Зондин сопит, ходит по комнате, выскакивает в коридор. Он пройдётся по этажам, посидит в проходной. Явится опять в комнату. И надолго затихнет с лекциями в руках.
Кургузова в комнате почти не видим. Пропадает у своего приятеля Холмова. Вдруг забежит в комнату, пороется в чемодане. Потирая маленькие ручки, повертится возле нас. Спросишь его о чём — посмотрит на тебя, часто заморгает, захихикает, произнесёт какую-нибудь нелепость: «Талапатя — лумпим!» — и исчезнет.
— Что ты крутишься как бес? — сказал ему однажды Яковлев, чертивший какую-то схему по теормеху. Кургузов заморгал. Вернувшийся в эту минуту откуда-то Болконцев ткнул пальцем в Кургузова.
— Во! Отныне и во веки веков ты — Бес, Кургузов. Бес.
И прозвище прилипло к вертлявому Кургузову. Почти все на этаже стали звать его Бесом. Он не любит прозвище. Особенно сердится, когда обращаются к нему так при девушках: не отзывается, не моргает, не хихикает. Исподлобья посмотрит и спешит исчезнуть.
Между зачётной сессией и экзаменационной — встреча Нового года. Но что за Новый год здесь! Опять прошёл дождик не дождик, а какая-то мжичка. И после него подморозило. Тротуары, дороги, провода, ветки деревьев — всё оделось ледяной шкуркой. Под ветром ветки в парке скребутся друг о дружку, сбрасывают ледяную чешую. Сразу за институтом начинается поле, через него шагают опоры высоковольтных линий. И там снега нет.

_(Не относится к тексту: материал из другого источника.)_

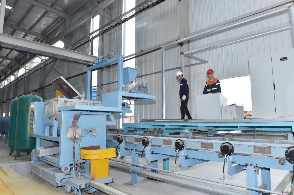 在山西榮安智能體育制造有限公司觀摩檢查年產(chǎn)10萬噸杠啞鈴體育用品及精密鑄件配套150萬件杠啞鈴項目建設(shè)情況。馮曉磊攝

А дома сейчас! Во дворах, вдоль тротуаров сугробы в человеческий рост. Идёшь куда-нибудь — не видишь, что творится на противоположной стороне улицы. Река покрыта полуметровым льдом. Он часто, близко к полуночи, когда мороз особенно крепчает, трескается. Звук при этом такой, будто пальнули из пушчонки. Из трещины бьёт ключом вода, тут же превращается в гладкие бугры льда. Белое облако холодного пара стоит над рекой, заслоняя от города лес на горе. Небо всё в огромных звёздах; Млечный Путь так ярок, чист, что невольно вглядываешься в него. Шаги прохожего слышны за сотню метров. Часа же в три, четыре новогодней ночи обязательно почему-то небо вдруг затуманится, звёзды исчезнут. Воздух разом станет мягче; пушистыми хлопьями начнёт опускаться на землю снег.
— Снег, снег! — вдруг закричит кто-нибудь из встречающих с тобой Новый год, случайно глянув в окно на улицу. Все быстро одеваются, с криком, хохотом вываливаются во двор, на улицу, где уже какая-то компания играет в снежки.
— Это кто там, ребята?
— Всё равно — айда!
Через полчаса все в снегу и с красными лицами возвращаемся в тепло комнаты, к столу…
Я пришиваю пуговицу к рабочей фуфайке. Перед Новым годом на станции, на базе много работы.
Воспоминания о доме вызвали на лице блаженную улыбку. Но подумалось о Сухоруковой, улыбка исчезает. До сих пор от Нели не получил ни одной строчки, стараюсь не думать о ней. За окном темень, воет ветер. Я не заметил, как вернулся Николай. Я уговорил его встретить Новый год вместе с моей группой в городе, в квартире Ведомской. Мне кажется, Ведомская ему нравится.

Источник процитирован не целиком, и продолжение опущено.